4.5. Gene Regulatory Network (GRN) analysis
For the construction of the Gene Regulatory Network, 1KB upstream sequences of the unique DEGs (561, 2005, 2580) for GBC, HCC and ICC have been extracted using the RSAT (Regulatory Sequence Analysis Tools) database (Thomas-Chollier et al., 2008). PWMs (Position Weight Matrices) for all human TFs are obtained using the cis-BP database (Dimitrova et al., 2014). A PWM is a model reflecting the binding specificity of a TF and is used to scan the upstream sequences of the DEGs for establishing transcription factor-target gene interactions (Aerts, 2012). PWM scanning has been carried out using MEME suite (T. L. Bailey et al., 2009). The obtained TF-TG interactions are visualized using Cytoscapev3.8.2(Cline et al., 2007). The top 5 TFs are obtained for each cancer type (GBC, HCC, ICC) by sorting them based on degree and considered as hubs for subsequent analysis.
4.6. Gene expression validation of the hub genes and TFs
The Gene Expression Profiling Interactive Analysis (GEPIA) database has been used for validation of the expression of hub genes identified from WGCNA analysis and TRN analysis. GEPIA is a web server that gives customizable interactive analysis of the gene expression based on The Cancer Genome Atlas (TCGA) and GTEx data. For the validation of hub genes, we considered fold change value > 2 and p-value < 0.01 as statistically significant. We evaluated genetic alterations such as mutations and copy number alterations linked with the potential hub genes and TFs using cBioPortal database (https://www.cbioportal.org/). The results generated from cBioPortal were visualized as OncoPrint.
Author contribution
P.B and D.K.B contributed to the conceptualization and study design; P.B and D.K.B participated in the methodology; N.R and R.L analyzed the data; N.R and R.L contributed to the draft preparation. All the authors edited and approved the final version of the manuscript.

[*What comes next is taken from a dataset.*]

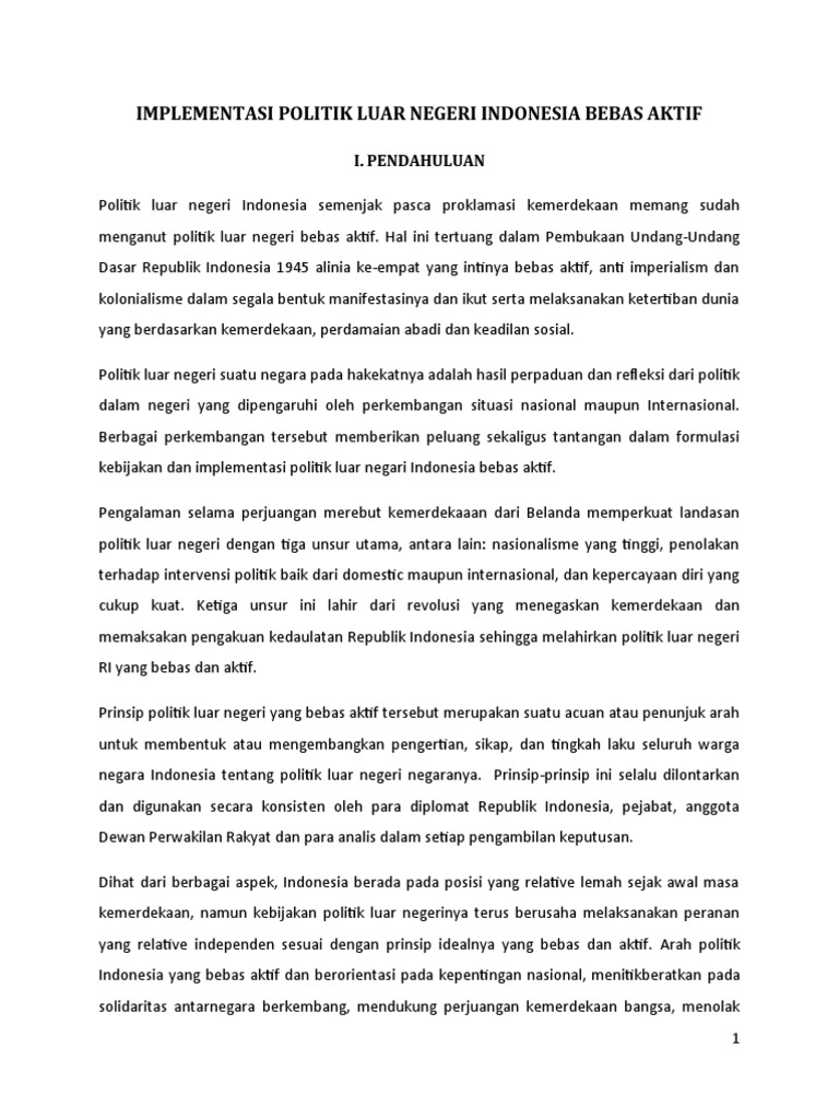Implementasi Politik Luar Negeri Indonesia Bebas Aktif: I. Pendahuluan

All authors have read and agreed to the published version of the manuscript.
Conflict of interest
The authors contributed to this manuscript declare no conflict of interests.
Dataset availability
The datasets used for this study are available at NCBI-GEO database (GEO Accession No. GSE139682, GSE105130 and GSE119336).
Supplementary Data
Supplementary Figure S1: sDEGs obtained through DESeq2+EdgeR consensus for GBC, HCC, and ICC.
Supplementary Figure S2: Functional enrichment analysis. Biological processes (left) & KEGG pathways (right) associated with unique DEGs of (a) GBC, (b) HCC,&(c) ICC.

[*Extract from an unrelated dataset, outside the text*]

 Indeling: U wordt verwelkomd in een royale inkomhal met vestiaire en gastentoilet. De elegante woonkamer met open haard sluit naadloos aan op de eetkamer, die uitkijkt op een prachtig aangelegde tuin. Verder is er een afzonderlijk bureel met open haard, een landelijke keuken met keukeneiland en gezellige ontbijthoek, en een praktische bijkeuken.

Supplementary Figure S3: Overlapping sDEG analysis. (a) Heatmap constructed using log2FC values of 256 overlapping sDEGs between GBC, HCC, and ICC. (b) Significant biological processes associated with overlapping sDEGs.

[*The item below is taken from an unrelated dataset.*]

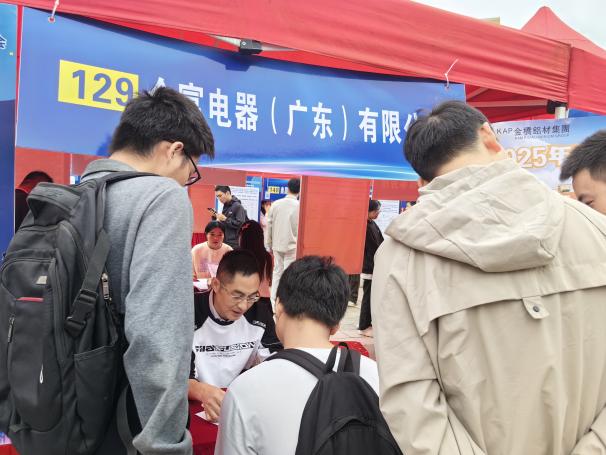 招聘會現場,臺山市人社局相關股室負責人向廣大畢業生展示臺山蓬勃發展的經濟態勢以及豐富的就業機會,并將臺山市經濟社會發展情況、人才政策、就業環境以及發展前景分享給畢業生們;企業代表們主動與廣大青年學子進行了深入交流與互動,詳細向畢業生介紹企業情況,認真聽取畢業生們的職業規劃與就業需求,為他們提供有效的就業建議。

Supplementary Figure S4: β power value for cancer (left) and control (right) gene co-expression network construction for GBC, HCC, and ICC.
Supplementary Tables
Table S1: Details of 3 datasets – GSE139682 for GBC, GSE105130 for HCC and GSE119336 for ICC downloaded from the ENA database in Fastq format,
Table S2: Z-summary preservation of modules in GBC, HCC, and ICC network.
Table S3: Identification of hub TFs through TF-TG network analysis
Acknowledgement
Dr. Pankaj Barah would like to acknowledge Department of Biotechnology, Government of India for providing the Ramalingaswami Re-entry Fellowship grant.